ザ・スーサイド・スクワッド “極”悪党、集結を観る

映画『ザ・スーサイド・スクワッド “極”悪党、集結』オフィシャルサイト

普段、映画の感想を書くときは観に行った理由から書き始めているのだが、「DC × ジェームス・ガン = 観ないわけがない」で説明は十分だと思う。


端的に言って、すごく面白い

冒頭からかったるい話はすっ飛ばしていきなりフルスロットルで始まるし、そこから最後まで想像を絶する展開が次から次へと起こり、個性的なキャラクターがバンバン登場したり退場ししたりし、オーソドックスながら十分なドラマがあり、グロかったり、滑稽だったり、悪趣味だったり、アーティスティックだったり、いろんなバリエーションのアクションシーンが近年稀に見るボリュームで惜しげもなく投入され、涎が出なかったことが信じられないぐらい没頭することができ、上映時間が132分だなんて信じられないぐらい「あっ」という間に終わる。

なんだこれは。


とにかくアクションシーンがアメコミ映画史上、最大の含有量なんじゃないかと思う。

アクションの合間にドラマがある感じで、それでもアクションの演出のバリエーションが豊かなので飽きたり疲れたりすることがない。

冒頭の上陸作戦も、リック・フラッグの救出作戦も、ハーレイの戦闘シーンも、かなり絶望的な状況のクライマックスのバトルも、どれも印象深い。

しかもそれぞれ見事なオチが用意されており、笑えたり、溜飲が下がったりする。

見事としか言いようがない。


キャラクターも、主要な人ならそれだけで1本映画を作ってもいいぐらいのキャラ立ちをしている。

ハーレイは言うまでもなく、ブラッドスポート、ラットキャッチャー2、キングシャーク、ポルカドットマン、ピースメーカーの誰でも単独作がいけると思う。

実際ピースメーカーのドラマが来年初頭に来るらしいが、ラットキャッチャー2は追加でありそうな感じがある。

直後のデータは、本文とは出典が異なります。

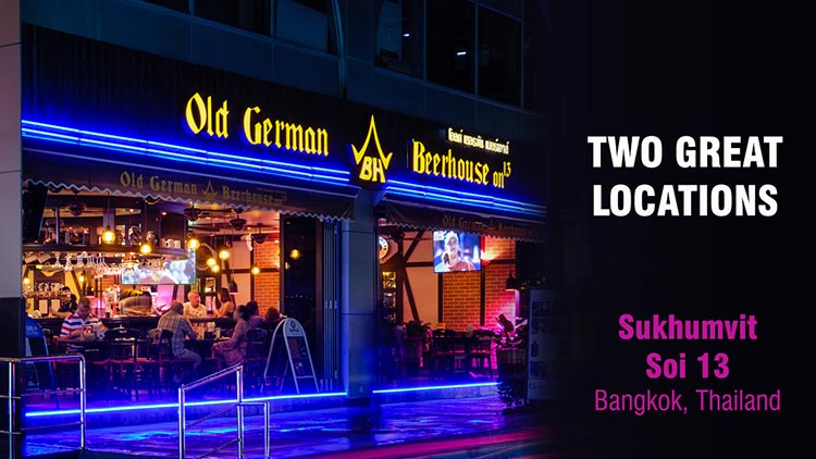 Since 1986, we have been serving top quality German food to our discerning customers in Bangkok. Originally in an open air garden location in Soi 23, we are now we now have Old German Beerhouse in Sukhumvit Soi 11 and Soi 13, still under the same family management, where we look forward to welcoming our customers and friends.

キングシャークあたりも作風のギャップはあるだろうが、アクアマンに出てほしい。

自分はポルカドットマンのあの症状の気持ち悪さが非常にツボだったのだが、よくもまあ、ああいうことが思いつくものである。


とにかく演出も脚本も非常にウェルメイドで、ジェームス・ガンの才能をまざまざと見せつけられた感じである。

『ザ・スーサイド・スクワッド』はどれだけ自由? ─ ジェームズ・ガン監督「完全に自分だけのもの」「何も言われなかった」 | THE RIVER

ジェームス・ガンがひたすら自由にやらせてもらえたと言うことだが、この映画を観ればその言葉が正真正銘ガチのマジであることがわかる。

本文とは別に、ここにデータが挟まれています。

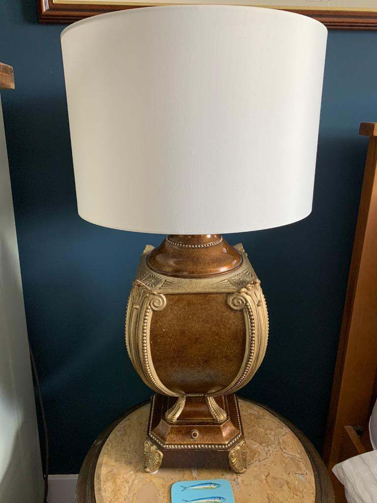 Pair of table lamps, base made of metal sheets so solid but not too heavy, real statement pieces, dimensions- Total Height 68cm / Lamp Sahe 35 cm diameter/ Width of base 22cm at widest point, price is per lamp. Can be collected from Bradley Stoke also
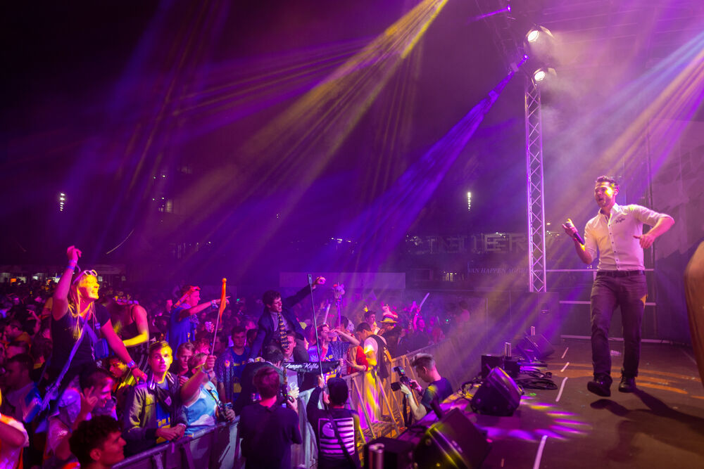 De avond brengt alle introgroepjes weer samen op de campus, op het Flux-veld, waar de dag wordt afgesloten met dj het Hitjeskanon, Zanger Kafke (‘Springen’), Kav Verhouzer (‘Stap voor stap’) en enkele verenigings-dj’s. Stuk voor stuk vuren ze hun feestelijke krakers af op het publiek en trekken ze de laatste introgangers uit hun woensdagdip. Klaar voor de nacht - wat die jullie heeft gebracht, horen we graag morgen!

DCはDCEUというシェアード・ユニバースに関するこだわりを今や捨てつつあり、この映画はその方針によるメリットが最大限に具現化したような作品になっている。

MCUは作品間のつながりを重視したまま映画・ドラマと領域を広げていき、膨大な量の作品が楽しむ前提になりつつある。

MCUは歴史の長さと作品の多さで追っていくのが大変になる一方で、DCEUは「どこからでも入っていける」という境地に至りつつある。

これはDCの活路として正しいと思う。


時間さえ合えば吹き替え版でもう一度見てみたい。